The Tourism Business Council of South Africa welcomes the lifting of the National State of Disaster. The government implemented these regulations in response to the onset of the COVID-19 pandemic. The TBCSA strongly believes the Disaster Management Act has fulfilled its mandate.
This decision to terminate the National State of Disaster bodes well for the South African economy in general and the tourism sector in particular. We fully support President Cyril Ramaphosa’s call that it is now time to rebuild our economy and get it back on track. The lifting of the National State of Disaster and the subsequent termination of the national lockdown means that people can start travelling with more ease and explore the country freely. The president’s announcement is also well timed as it comes ahead of the Easter holidays.
“This is a significant and progressive move for the tourism sector. We can now move towards recovering tourism in the country. We are also hopeful that as time goes by, we will have more people reporting improved business performance. We are calling on South Africans to travel in their country and help revitalise the sector,” says TBCSA CEO, Tshifhiwa Tshivhengwa.
Although the tourism sector has suffered huge losses over the last two years of the pandemic, it remains one of the country’s largest employers. Therefore, government should support the recovery of the tourism industry by ensuring that there will be no re-introduction of strict and movement limiting restrictions. The world is now learning to live with the virus and the tourism sector will continue to support government’s efforts to encourage vaccinations.

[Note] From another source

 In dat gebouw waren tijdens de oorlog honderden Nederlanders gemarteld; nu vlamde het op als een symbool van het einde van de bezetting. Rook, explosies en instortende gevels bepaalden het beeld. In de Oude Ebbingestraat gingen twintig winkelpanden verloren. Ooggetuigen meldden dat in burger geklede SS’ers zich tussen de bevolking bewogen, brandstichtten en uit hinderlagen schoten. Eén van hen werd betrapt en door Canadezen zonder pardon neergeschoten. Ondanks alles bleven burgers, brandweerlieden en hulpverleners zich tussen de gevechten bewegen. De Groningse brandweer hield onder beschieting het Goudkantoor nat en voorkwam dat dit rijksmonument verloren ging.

The Tourism Business Council will continue to lobby government on the regulations pertaining to the events sector, as well as the proposed health regulations to ensure that they are progressive and support the recovery of the tourism sector.

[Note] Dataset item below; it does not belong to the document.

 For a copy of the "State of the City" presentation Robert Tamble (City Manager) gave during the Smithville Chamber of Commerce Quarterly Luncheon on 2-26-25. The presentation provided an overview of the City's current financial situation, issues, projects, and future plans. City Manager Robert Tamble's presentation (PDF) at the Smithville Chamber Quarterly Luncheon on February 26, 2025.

“We will continue to engage the authorities on improving our standing internationally. There is some more work that needs to be done to fully reopen the sector. The easing of restrictions on indoor capacity is a welcome improvement, but more still needs to be done in order to help the events industry fully recover. We need to be progressive in the management of the remaining regulations and be driven by scientific evidence, “says Tshivhengwa.